Australia’s period of a falling unemployment rate may have come to an end but then again, it may be just another hiccup. After falling below 5% in late 2018, Australia’s jobless rate remained there through early 2019 until it moved higher in the June quarter. Recent leading indicators have been generally pointing towards further softness and the RBA is still generally expected to reduce its cash rate target one further time, something the central bank has traditionally done when it expects unemployment to rise.
The latest Labour force figures have now been released and they indicate the number of people employed in Australia increased by more than economists had expected. The report showed the total number of people employed in Australia increased by 28,900 in December while the unemployment rate improved from 5.2% to 5.1%.

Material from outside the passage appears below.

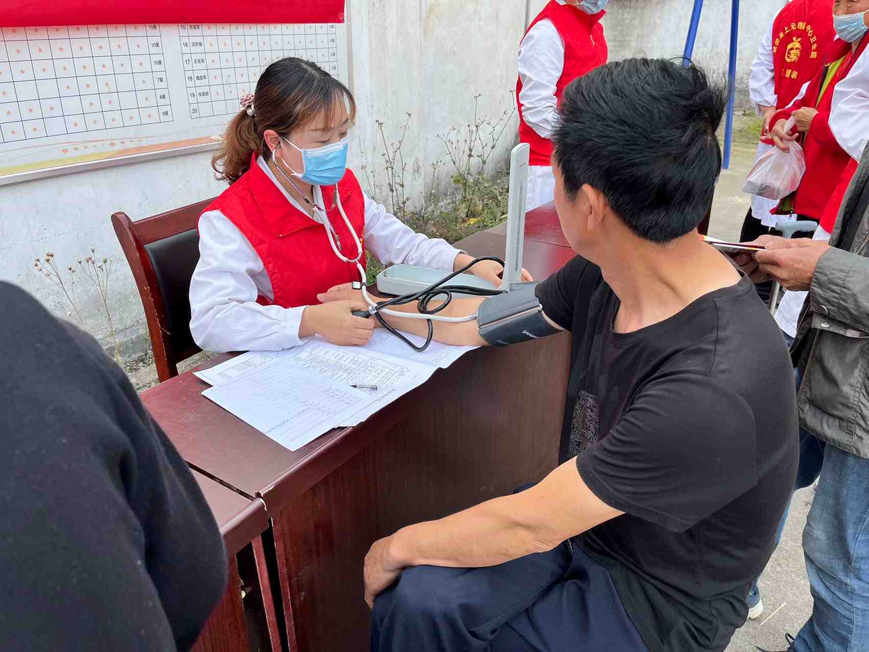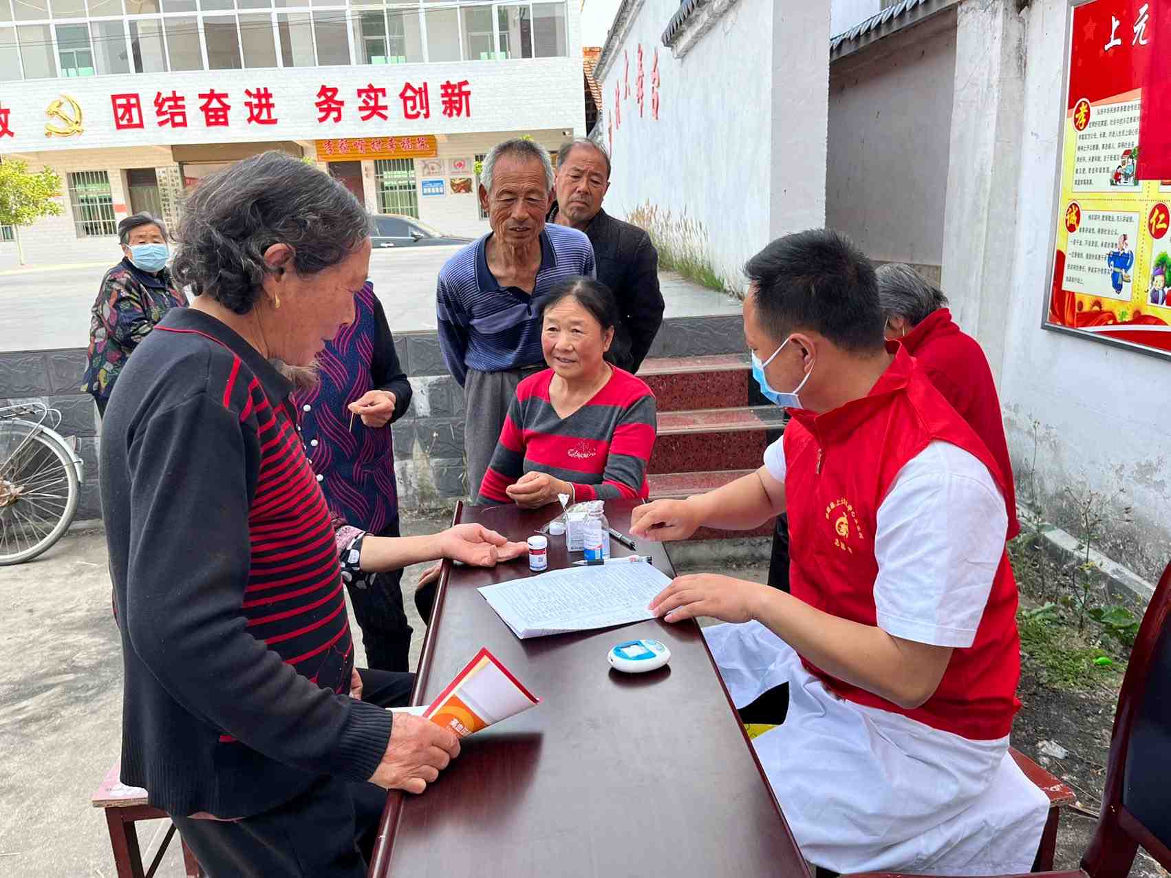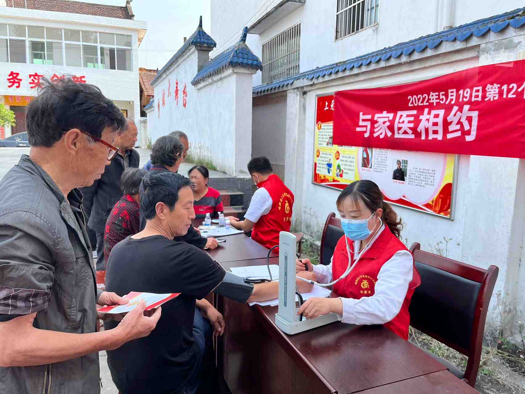 上元观镇中心卫生院组织志愿者到李家嘴村开展“与家医相约、和健康相伴”活动,为当地居民测量血糖血压。

ANZ senior economist Catherine Birch said, “The strength in employment over November/December and the associated decline in the unemployment rate…will reinforce the RBA’s view that the Australian economy appears to have reached a gentle turning point.”Market expectations prior to the report’s release were for 12,000 new positions to be created and for the unemployment rate to remain at 5.2%. Investors and traders reacted to the lower underemployment rate by sending yields higher at the short end while winding back expectations of rate cuts. By the end of the day, 90-day bank bills had jumped 5bps to 0.89% and the yield on 3-year ACGBs had gained 2bps to 0.72%. However, longer-term yields fell and 10-year and 20-year yields each finished 2bps lower at 1.11% and 1.52% respectively.